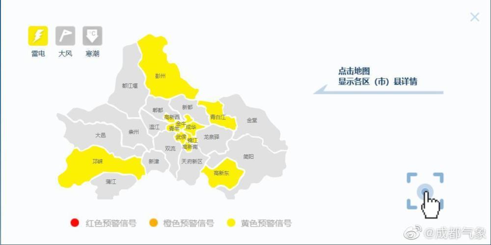 3月26日,成都市气象台21时30分发布雷电黄色预警信号:预计未来6小时内,成都市青白江区、金牛区、成华区、武侯区、锦江区、青羊区和高新东区的大部地方有雷雨,大风4-6级,个别地方大雨到暴雨,个别地方可能出现冰雹,请注意防范。
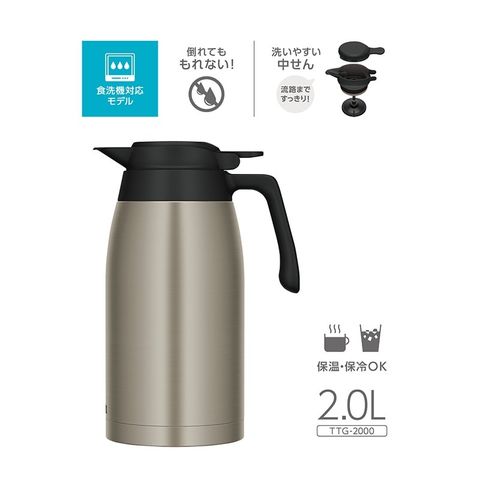 【THERMOS/サーモス】ステンレスポット 2L ステンレス 食洗機対応 丸洗いOK 魔法びん構造 保冷 保温 卓上ポット TTG-2000 S 【同梱不可】[▲][KM]
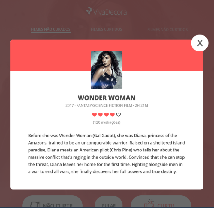 - Um botão "Não curti!" que adiciona o filme na lista de "Filmes não curtidos";
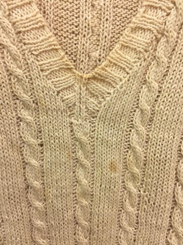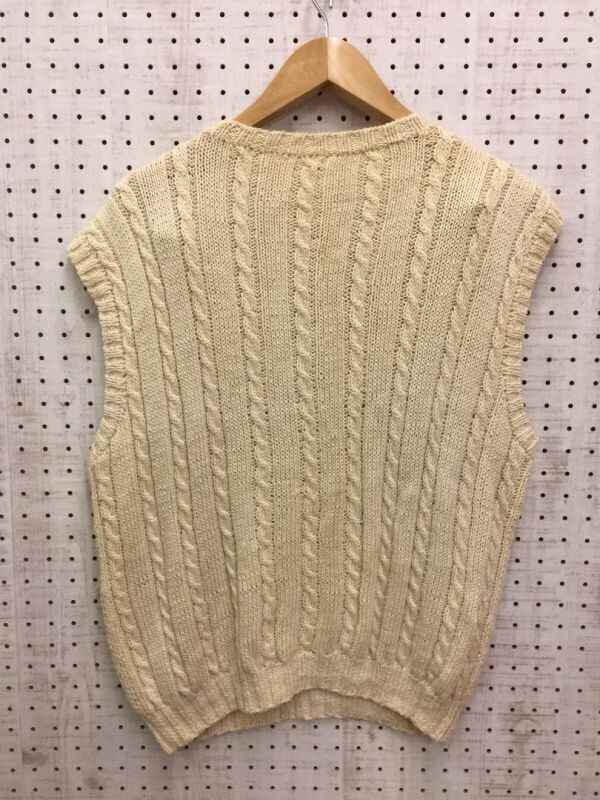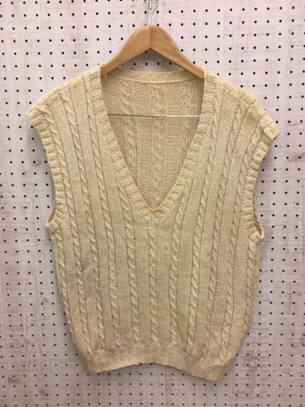 オールド レトロ トラッド モード ストリート 古着 ケーブル編み 深めVネック ニット ベスト 男女兼用 生成り
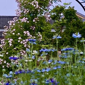 今日の庭の様子 ①バラとニゲラ ②ユキノシタ ③ニゲラ ④ブラキカルブラスコ ⑤オステオスペルマム
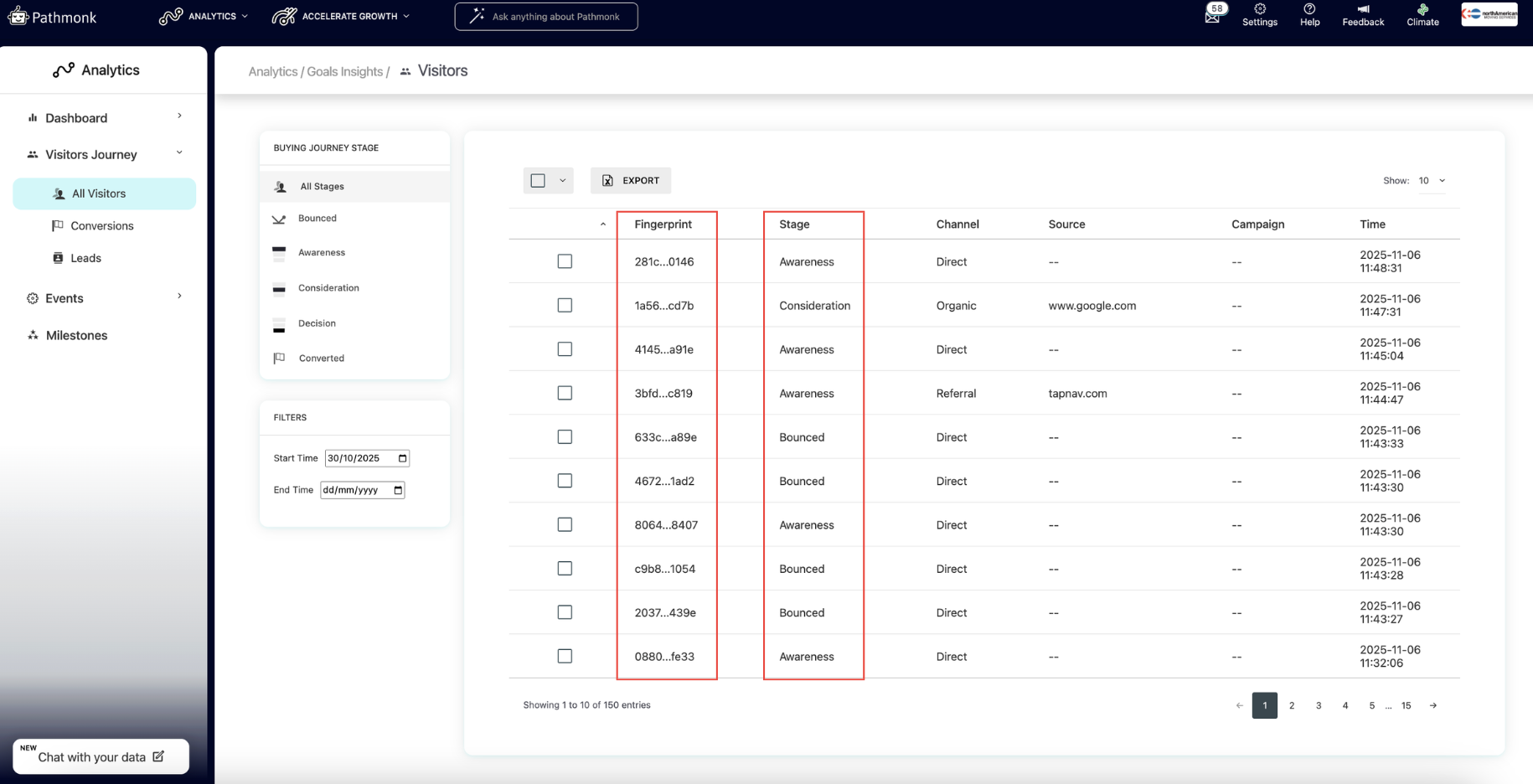 2. Go to Analytics → Visitors Journey → All visitors. You’ll see each visitor listed with:

AIM OF THE TASK
A faithful copy of the data above is wanted, with every image left out.

RESPONSE TO THIS TASK
 3月26日,成都市气象台21时30分发布雷电黄色预警信号:预计未来6小时内,成都市青白江区、金牛区、成华区、武侯区、锦江区、青羊区和高新东区的大部地方有雷雨,大风4-6级,个别地方大雨到暴雨,个别地方可能出现冰雹,请注意防范。
 【THERMOS/サーモス】ステンレスポット 2L ステンレス 食洗機対応 丸洗いOK 魔法びん構造 保冷 保温 卓上ポット TTG-2000 S 【同梱不可】[▲][KM]
 - Um botão "Não curti!" que adiciona o filme na lista de "Filmes não curtidos";
 オールド レトロ トラッド モード ストリート 古着 ケーブル編み 深めVネック ニット ベスト 男女兼用 生成り
 今日の庭の様子 ①バラとニゲラ ②ユキノシタ ③ニゲラ ④ブラキカルブラスコ ⑤オステオスペルマム
 2. Go to Analytics → Visitors Journey → All visitors. You’ll see each visitor listed with:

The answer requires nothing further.